| GOAL OF THE EXERCISE |
Would you repeat word for word the lines of the listing that follows, from the one with "iPhone 16 KARL" up to and including the one with "端座位をとるときや移乗すると", and leave out the images?
** Opening THE INPUT block **
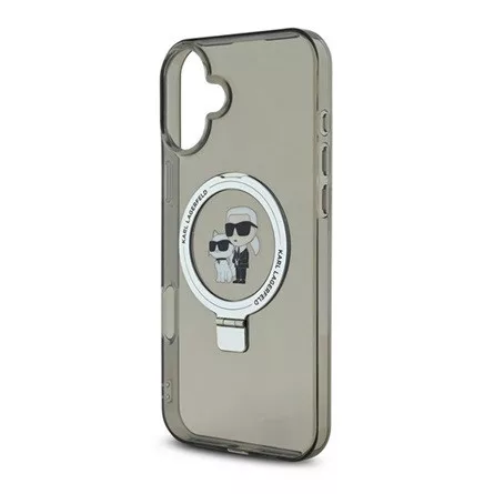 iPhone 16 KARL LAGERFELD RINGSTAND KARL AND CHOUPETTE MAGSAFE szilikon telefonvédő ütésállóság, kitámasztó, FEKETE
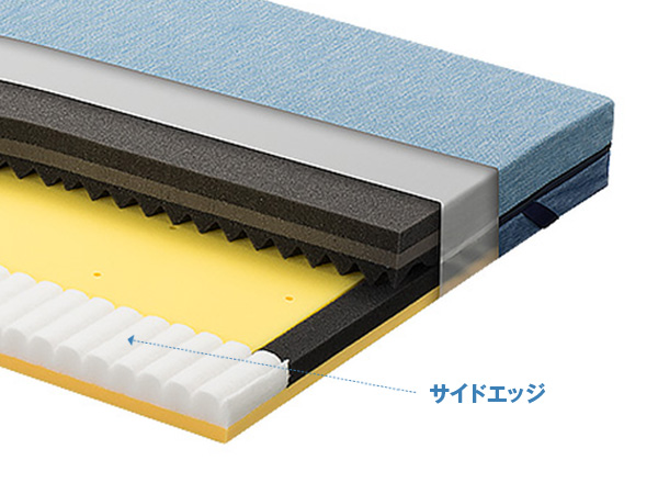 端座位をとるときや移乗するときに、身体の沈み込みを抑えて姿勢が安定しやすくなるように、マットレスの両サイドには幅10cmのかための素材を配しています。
** Closing THE INPUT block **
** Opening THE INPUT block **
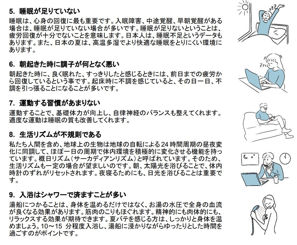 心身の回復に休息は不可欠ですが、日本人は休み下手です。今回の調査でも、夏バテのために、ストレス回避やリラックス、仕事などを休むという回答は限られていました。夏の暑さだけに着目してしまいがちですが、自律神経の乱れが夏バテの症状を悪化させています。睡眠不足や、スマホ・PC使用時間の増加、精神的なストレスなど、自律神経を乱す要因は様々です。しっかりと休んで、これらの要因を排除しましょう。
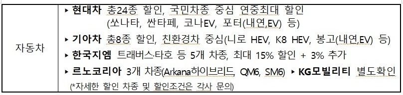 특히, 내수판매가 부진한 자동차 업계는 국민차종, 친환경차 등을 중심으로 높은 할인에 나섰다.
** Closing THE INPUT block **
| YOUR RESPONSE |
 iPhone 16 KARL LAGERFELD RINGSTAND KARL AND CHOUPETTE MAGSAFE szilikon telefonvédő ütésállóság, kitámasztó, FEKETE
 端座位をとるときや移乗するときに、身体の沈み込みを抑えて姿勢が安定しやすくなるように、マットレスの両サイドには幅10cmのかための素材を配しています。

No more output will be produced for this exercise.